Work to be completed: Leave the pictures out and write out the rest of the listing word for word.

Data:
▼
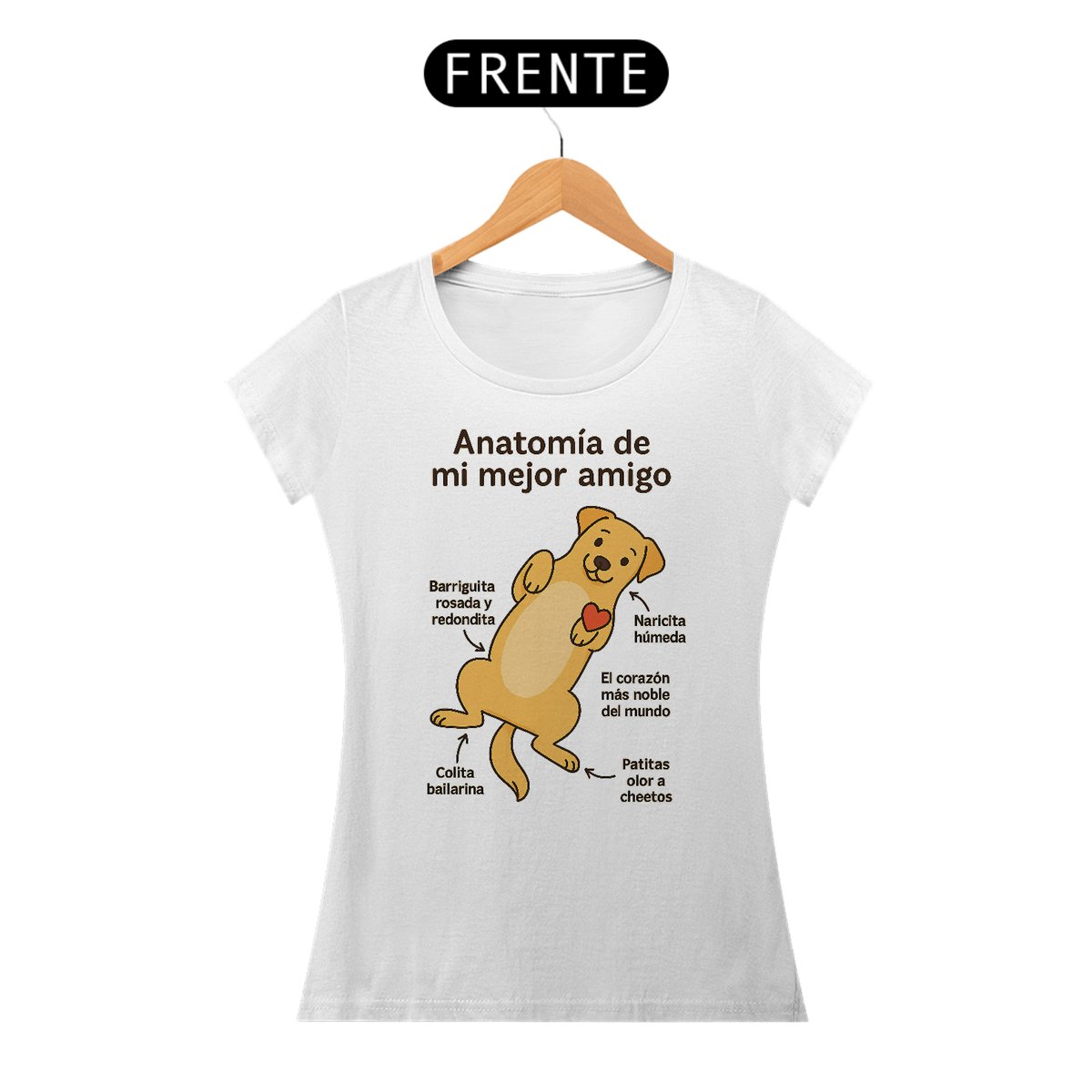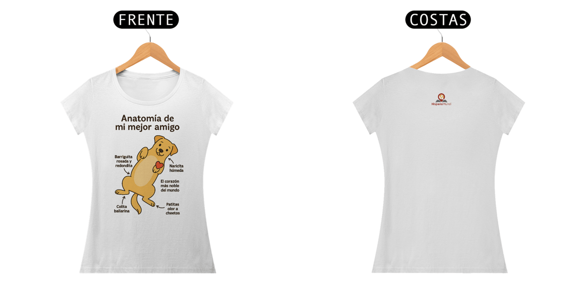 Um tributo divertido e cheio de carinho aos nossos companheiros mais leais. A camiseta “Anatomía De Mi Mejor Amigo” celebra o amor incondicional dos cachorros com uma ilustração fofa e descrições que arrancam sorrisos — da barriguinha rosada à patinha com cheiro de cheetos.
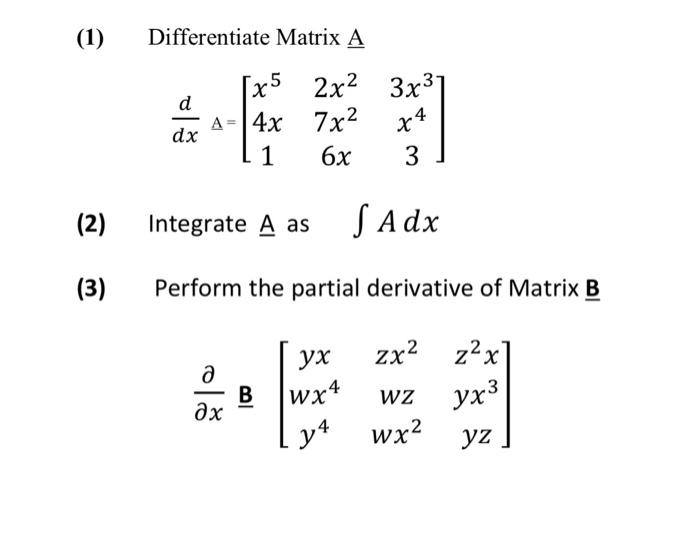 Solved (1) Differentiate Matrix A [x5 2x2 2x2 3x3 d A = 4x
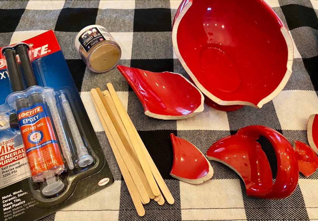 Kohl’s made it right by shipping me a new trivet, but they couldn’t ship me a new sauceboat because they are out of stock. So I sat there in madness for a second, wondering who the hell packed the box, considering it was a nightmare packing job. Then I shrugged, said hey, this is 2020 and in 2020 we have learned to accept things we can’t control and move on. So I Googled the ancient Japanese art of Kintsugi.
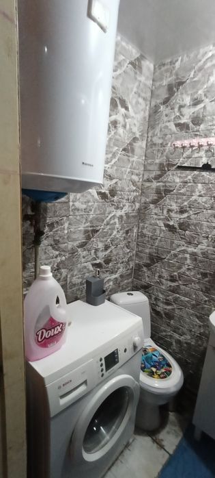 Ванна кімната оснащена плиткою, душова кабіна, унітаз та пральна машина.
▲
Task response:
 Um tributo divertido e cheio de carinho aos nossos companheiros mais leais. A camiseta “Anatomía De Mi Mejor Amigo” celebra o amor incondicional dos cachorros com uma ilustração fofa e descrições que arrancam sorrisos — da barriguinha rosada à patinha com cheiro de cheetos.
 Solved (1) Differentiate Matrix A [x5 2x2 2x2 3x3 d A = 4x
 Kohl’s made it right by shipping me a new trivet, but they couldn’t ship me a new sauceboat because they are out of stock. So I sat there in madness for a second, wondering who the hell packed the box, considering it was a nightmare packing job. Then I shrugged, said hey, this is 2020 and in 2020 we have learned to accept things we can’t control and move on. So I Googled the ancient Japanese art of Kintsugi.
 Ванна кімната оснащена плиткою, душова кабіна, унітаз та пральна машина.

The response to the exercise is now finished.